The trial will give jurors a close-up view of how Springfield operated in the last decade. They’ll hear talk of an “old-fashioned patronage system.” And they’ll learn how an apparent obsession with pleasing Madigan might have prompted four officials to cross a legal line as ComEd sought to pass legislation it valued at more than $150 million.
But jurors will also watch as lawyers explore that line, between legal lobbying and criminal activity.
At the defendants’ tables will be longtime Madigan confidant Michael McClain of Quincy, former ComEd CEO Anne Pramaggiore, ex-ComEd lobbyist John Hooker and onetime City Club President Jay Doherty. They are each charged with bribery conspiracy and falsifying ComEd’s books and records, and they could face serious prison time if convicted.
They are accused of arranging for jobs, contracts and money for certain Madigan associates in an illegal bid to influence him as the legislation affecting ComEd moved through Springfield, where Madigan held considerable sway.
ComEd admitted to the scheme in 2020, agreeing to pay a $200 million fine.
The overall conspiracy allegedly lasted from 2011 until 2019. But jurors are likely to be taken back even further in time, to when ComEd apparently faced potential bankruptcy in 2005. Its operational capabilities remained poor years later, court records show. When Pramaggiore took over as CEO in 2012, she allegedly viewed ComEd’s business through a political lens.
She was even known to say things like, “What’s important to the speaker is important to us,” according to court records.
McClain worked as a lobbyist or consultant for ComEd after his decade in the Illinois House of Representatives, which began in 1972. People within the utility would refer to him as a “double agent,” though, because he had close ties to Madigan.

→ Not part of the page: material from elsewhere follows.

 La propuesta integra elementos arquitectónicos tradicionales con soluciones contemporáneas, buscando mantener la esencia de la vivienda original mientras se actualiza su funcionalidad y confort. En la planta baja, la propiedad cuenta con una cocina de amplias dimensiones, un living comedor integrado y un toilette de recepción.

Prosecutors say he often relayed messages between the speaker and the utility. They say he and others would refer to Madigan as “our friend” to avoid using the speaker’s name. However, the feds have also acknowledged that McClain disclosed to them in a pair of interviews, in 2014 and 2016, that “our friend” amounted to “a code word for Madigan.”

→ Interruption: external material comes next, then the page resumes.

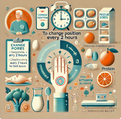 - 영양 관리 🥦: 단백질과 비타민 C가 풍부한 음식을 챙겨 먹습니다. 영양 관리는 피부와 근육의 회복을 돕기 때문에 욕창 예방에 중요한 역할을 합니다. 단백질과 비타민c가 많은 음식 - 닭고기, 소고기, 생선(연어, 참치), 계란 🥚, 콩류(렌틸콩, 병아리콩), 두부 🥘, 유제품(우유, 요거트, 치즈 🧀) 과일(오렌지, 딸기, 키위, 레몬 🍊🍓), 채소(브로콜리, 파프리카, 시금치 🥦🥬), 감자 🥔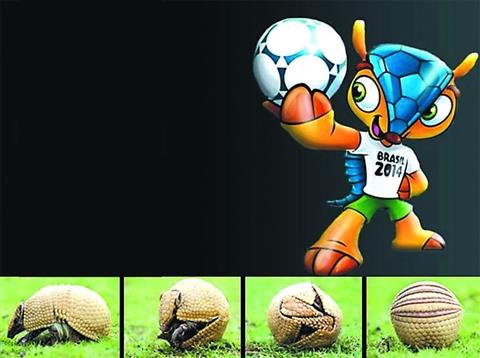 从里约热内卢的机场出来,可以看见一只巨大的巴西世界杯吉祥物,美洲的哺乳动物犰狳,在碰到危险的时候会把身体卷成球状。它的官方名字叫“Fuleco(福来哥)”,产自中国杭州。

When he retired as a lobbyist in 2016, McClain allegedly sent Madigan a letter in which he wrote that he “wanted to let my ‘real’ client know that I am retiring.”
In a handwritten addendum, McClain allegedly told Madigan that “Illinois is a great state because of your hand on the rudder, and you know instinctively now, just like Richard J. Daley, when to start, slow or turn off the engine.”
The trial is expected to last two months. It’s one of three major public corruption trials scheduled at the Dirksen Federal Courthouse in the next 13 months, all of them targeting old-school Chicago politics. Madigan’s own trial is set for April 2024.